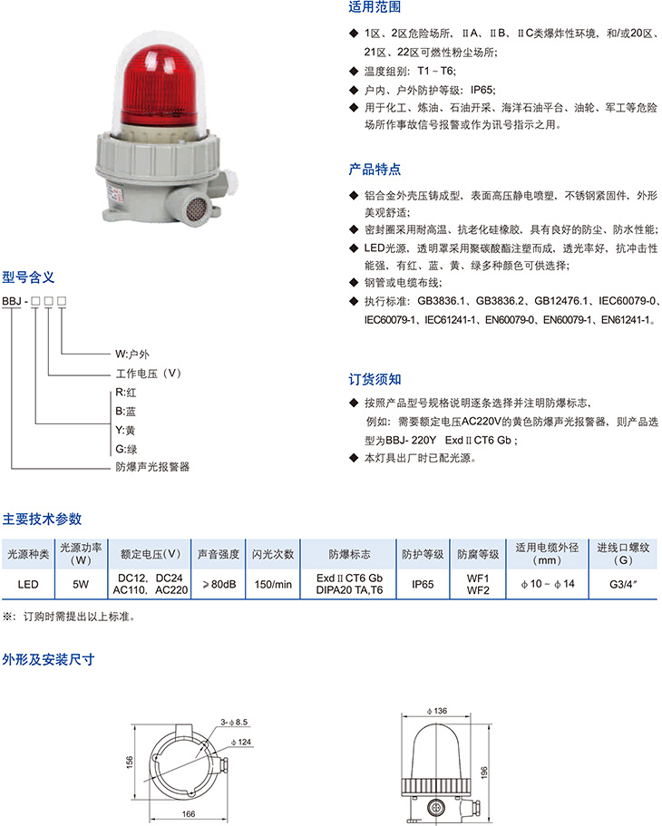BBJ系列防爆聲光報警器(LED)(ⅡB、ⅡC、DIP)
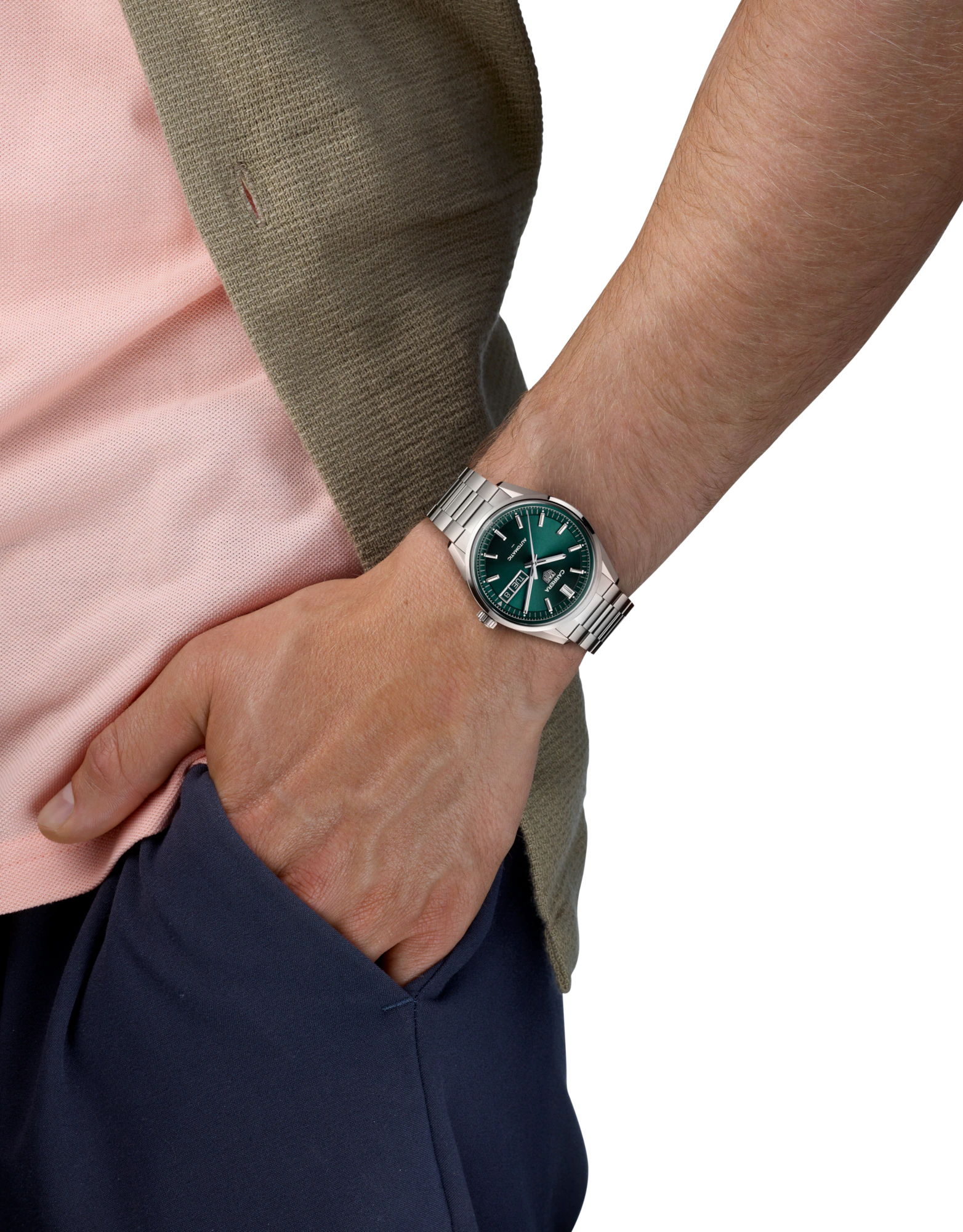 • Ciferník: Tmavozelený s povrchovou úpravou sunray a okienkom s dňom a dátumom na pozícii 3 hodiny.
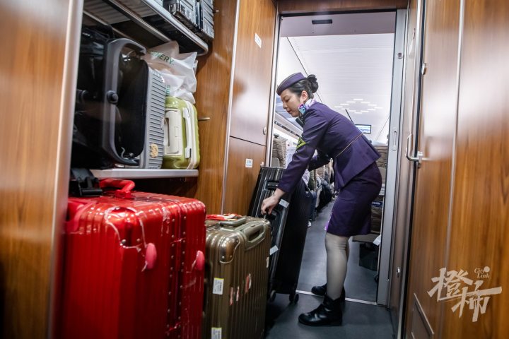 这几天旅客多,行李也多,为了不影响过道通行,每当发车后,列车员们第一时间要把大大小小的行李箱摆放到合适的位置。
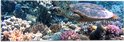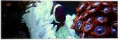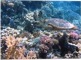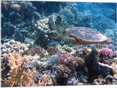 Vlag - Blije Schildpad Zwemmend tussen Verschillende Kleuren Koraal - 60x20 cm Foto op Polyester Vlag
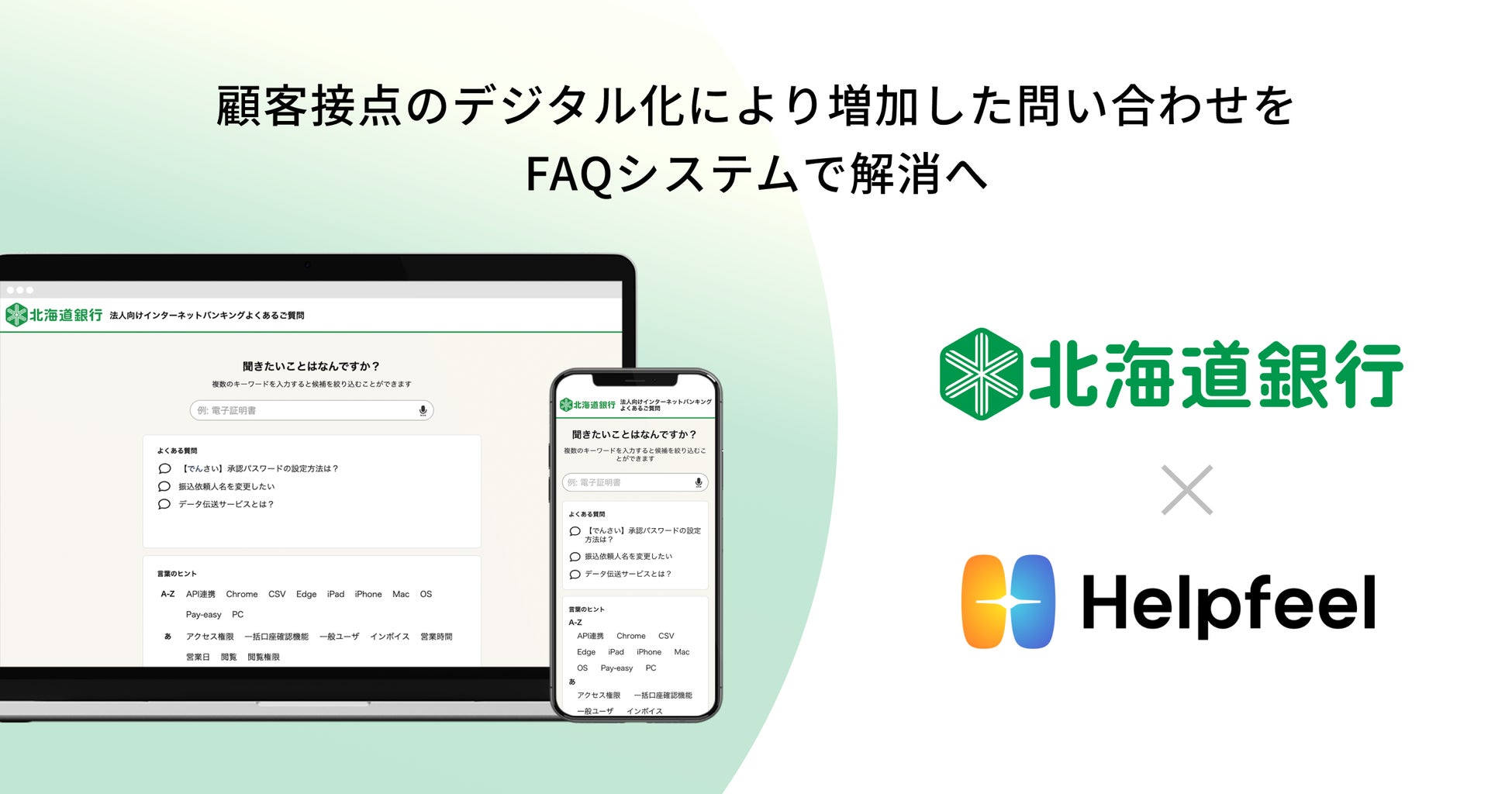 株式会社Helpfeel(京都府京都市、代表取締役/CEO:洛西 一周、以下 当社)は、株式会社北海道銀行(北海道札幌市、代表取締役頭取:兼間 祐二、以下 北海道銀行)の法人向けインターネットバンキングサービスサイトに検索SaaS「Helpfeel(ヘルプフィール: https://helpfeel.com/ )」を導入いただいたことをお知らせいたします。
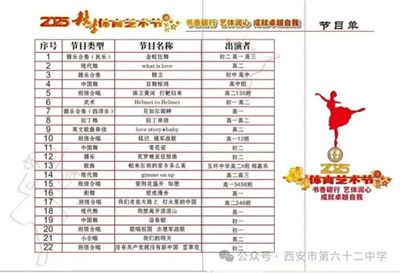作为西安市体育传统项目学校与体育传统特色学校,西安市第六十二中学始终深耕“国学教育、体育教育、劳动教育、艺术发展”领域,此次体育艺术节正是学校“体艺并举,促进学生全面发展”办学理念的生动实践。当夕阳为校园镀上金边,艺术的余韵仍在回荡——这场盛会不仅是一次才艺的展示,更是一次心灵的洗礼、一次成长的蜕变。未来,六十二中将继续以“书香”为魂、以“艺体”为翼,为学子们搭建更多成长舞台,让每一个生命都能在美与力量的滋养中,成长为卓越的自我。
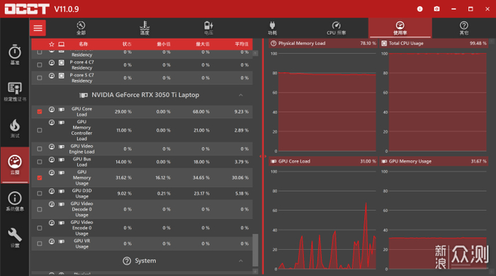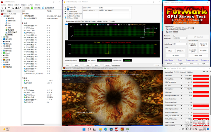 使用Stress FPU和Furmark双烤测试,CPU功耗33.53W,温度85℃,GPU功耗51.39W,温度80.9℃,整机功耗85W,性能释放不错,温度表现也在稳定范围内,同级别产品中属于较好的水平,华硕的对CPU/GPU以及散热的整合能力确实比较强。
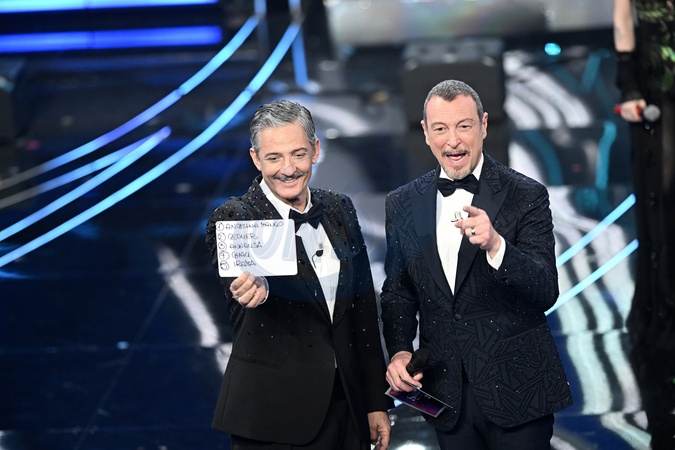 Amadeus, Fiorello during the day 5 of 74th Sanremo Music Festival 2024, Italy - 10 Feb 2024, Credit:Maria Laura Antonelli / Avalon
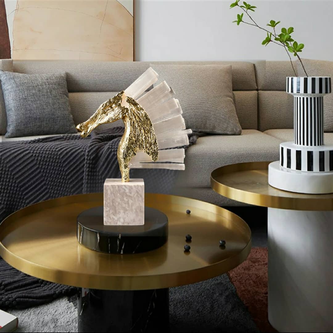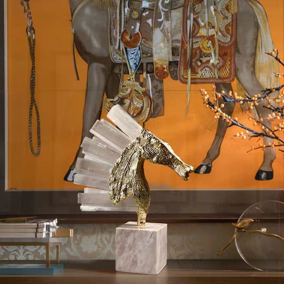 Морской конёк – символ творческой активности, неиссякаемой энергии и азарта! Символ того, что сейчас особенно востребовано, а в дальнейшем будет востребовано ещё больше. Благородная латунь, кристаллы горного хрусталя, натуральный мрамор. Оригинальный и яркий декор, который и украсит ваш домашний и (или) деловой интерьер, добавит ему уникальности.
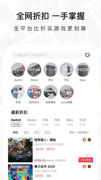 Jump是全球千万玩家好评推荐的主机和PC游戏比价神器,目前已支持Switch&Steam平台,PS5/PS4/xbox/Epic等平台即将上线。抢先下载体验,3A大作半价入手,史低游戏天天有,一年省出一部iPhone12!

■ BRIEF
Emit the lines of the material exactly, from its first line to the line containing "Amadeus, Fiorello during", inclusive; leave every picture out.

■ WRITTEN ANSWER
BBJ系列防爆聲光報警器(LED)(ⅡB、ⅡC、DIP)
 • Ciferník: Tmavozelený s povrchovou úpravou sunray a okienkom s dňom a dátumom na pozícii 3 hodiny.
 这几天旅客多,行李也多,为了不影响过道通行,每当发车后,列车员们第一时间要把大大小小的行李箱摆放到合适的位置。
 Vlag - Blije Schildpad Zwemmend tussen Verschillende Kleuren Koraal - 60x20 cm Foto op Polyester Vlag
 株式会社Helpfeel(京都府京都市、代表取締役/CEO:洛西 一周、以下 当社)は、株式会社北海道銀行(北海道札幌市、代表取締役頭取:兼間 祐二、以下 北海道銀行)の法人向けインターネットバンキングサービスサイトに検索SaaS「Helpfeel(ヘルプフィール: https://helpfeel.com/ )」を導入いただいたことをお知らせいたします。
作为西安市体育传统项目学校与体育传统特色学校,西安市第六十二中学始终深耕“国学教育、体育教育、劳动教育、艺术发展”领域,此次体育艺术节正是学校“体艺并举,促进学生全面发展”办学理念的生动实践。当夕阳为校园镀上金边,艺术的余韵仍在回荡——这场盛会不仅是一次才艺的展示,更是一次心灵的洗礼、一次成长的蜕变。未来,六十二中将继续以“书香”为魂、以“艺体”为翼,为学子们搭建更多成长舞台,让每一个生命都能在美与力量的滋养中,成长为卓越的自我。
 使用Stress FPU和Furmark双烤测试,CPU功耗33.53W,温度85℃,GPU功耗51.39W,温度80.9℃,整机功耗85W,性能释放不错,温度表现也在稳定范围内,同级别产品中属于较好的水平,华硕的对CPU/GPU以及散热的整合能力确实比较强。
 Amadeus, Fiorello during the day 5 of 74th Sanremo Music Festival 2024, Italy - 10 Feb 2024, Credit:Maria Laura Antonelli / Avalon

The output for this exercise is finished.